• _WHAT IS EXPECTED_:
Lines from the one with "ポケット付き tシャツ アウトドア" up to and including the one with "Adan is a pair" are to be copied exactly from the records below, without their pictures.

• _AVAILABLE DATA_:
◇ ◇ ◇ ◇ ◇

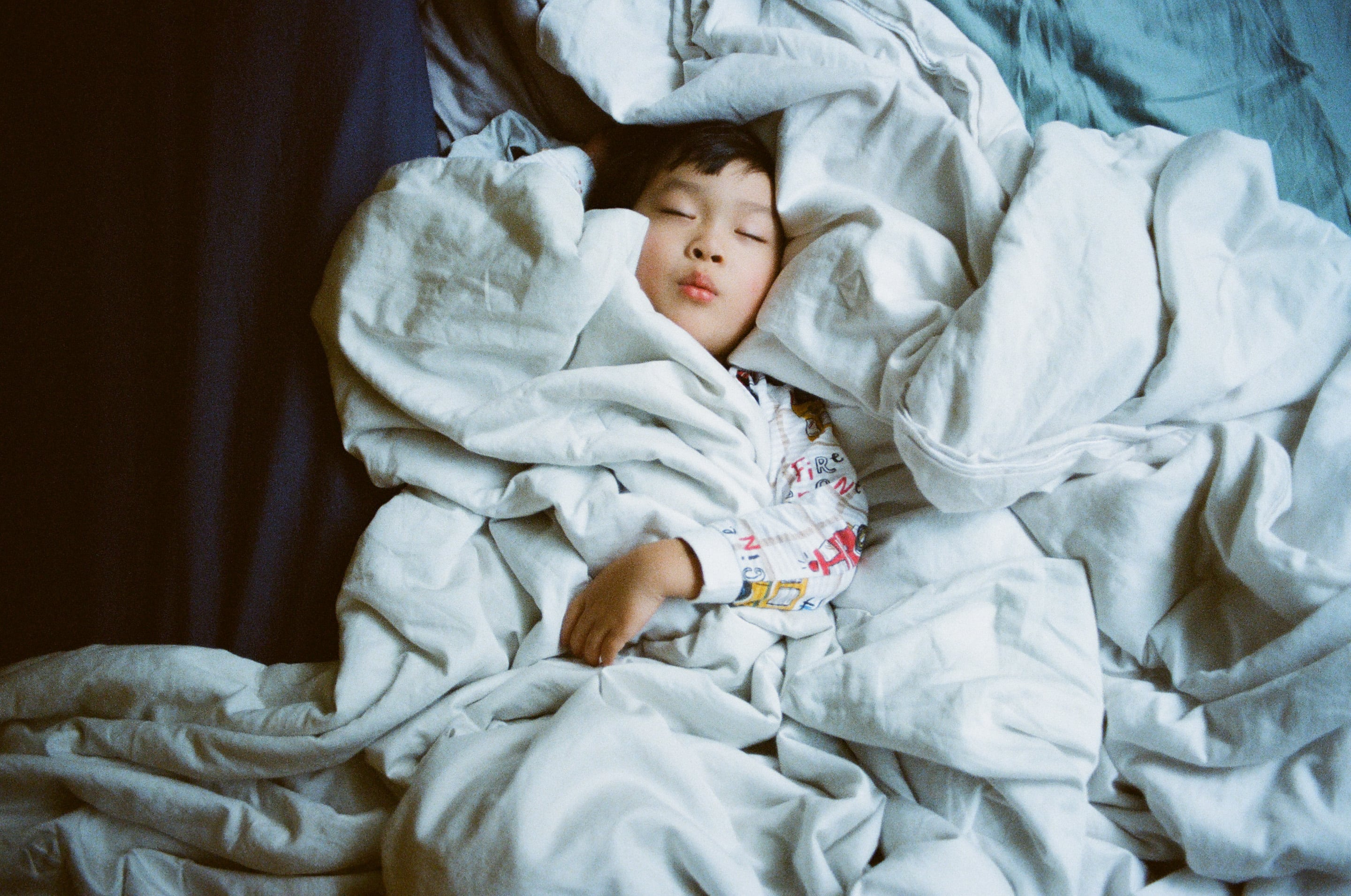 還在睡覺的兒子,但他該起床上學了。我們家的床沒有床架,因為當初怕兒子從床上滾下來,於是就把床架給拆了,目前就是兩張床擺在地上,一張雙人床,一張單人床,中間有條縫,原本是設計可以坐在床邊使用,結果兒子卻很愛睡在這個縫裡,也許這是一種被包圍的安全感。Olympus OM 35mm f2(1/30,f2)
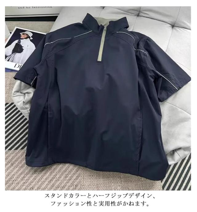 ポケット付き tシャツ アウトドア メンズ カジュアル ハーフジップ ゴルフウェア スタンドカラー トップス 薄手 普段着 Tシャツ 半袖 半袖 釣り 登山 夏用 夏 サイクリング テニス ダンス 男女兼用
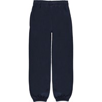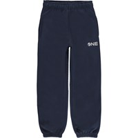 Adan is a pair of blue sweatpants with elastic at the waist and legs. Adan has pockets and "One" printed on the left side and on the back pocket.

◇ ◇ ◇ ◇ ◇

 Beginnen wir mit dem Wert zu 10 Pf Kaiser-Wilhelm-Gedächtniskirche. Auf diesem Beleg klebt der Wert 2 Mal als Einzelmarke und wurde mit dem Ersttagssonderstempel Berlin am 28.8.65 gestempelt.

◇ ◇ ◇ ◇ ◇

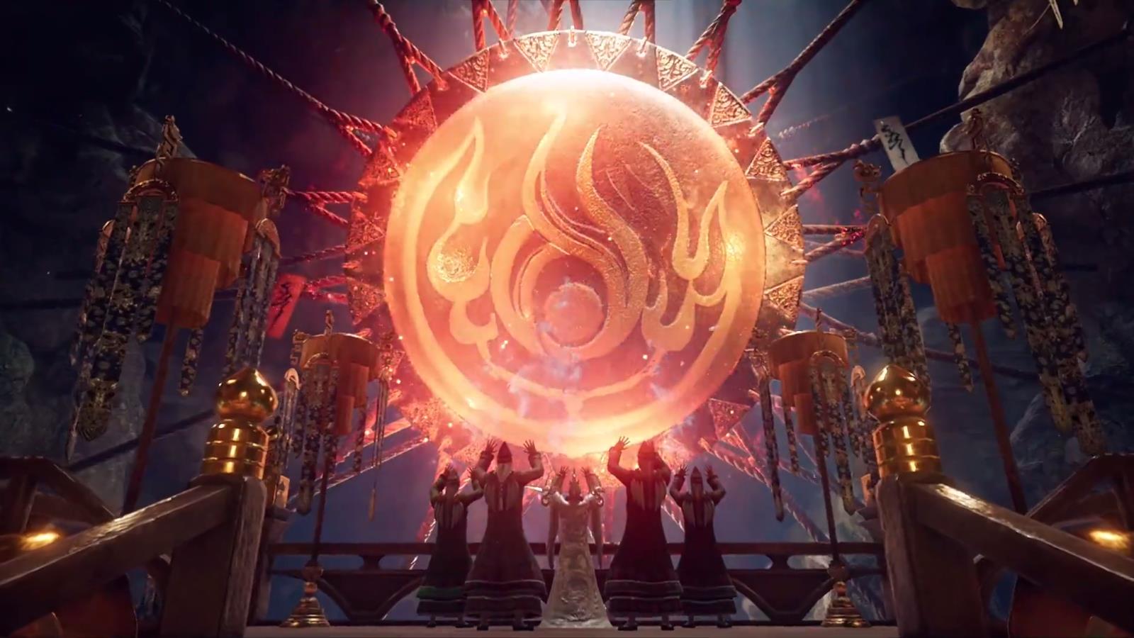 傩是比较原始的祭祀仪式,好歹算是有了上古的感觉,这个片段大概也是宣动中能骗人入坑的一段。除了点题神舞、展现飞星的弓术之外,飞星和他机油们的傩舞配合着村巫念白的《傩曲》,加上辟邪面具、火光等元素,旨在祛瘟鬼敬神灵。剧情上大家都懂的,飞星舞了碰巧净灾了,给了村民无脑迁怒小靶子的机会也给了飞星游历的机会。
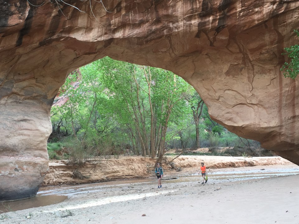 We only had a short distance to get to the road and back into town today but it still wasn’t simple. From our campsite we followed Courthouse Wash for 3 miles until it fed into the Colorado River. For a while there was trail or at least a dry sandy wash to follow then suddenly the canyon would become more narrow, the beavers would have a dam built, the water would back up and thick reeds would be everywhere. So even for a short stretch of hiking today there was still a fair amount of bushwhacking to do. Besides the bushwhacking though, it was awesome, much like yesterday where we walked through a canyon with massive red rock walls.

◇ ◇ ◇ ◇ ◇

• _SOLUTION TO THE PROBLEM_:
 ポケット付き tシャツ アウトドア メンズ カジュアル ハーフジップ ゴルフウェア スタンドカラー トップス 薄手 普段着 Tシャツ 半袖 半袖 釣り 登山 夏用 夏 サイクリング テニス ダンス 男女兼用
 Adan is a pair of blue sweatpants with elastic at the waist and legs. Adan has pockets and "One" printed on the left side and on the back pocket.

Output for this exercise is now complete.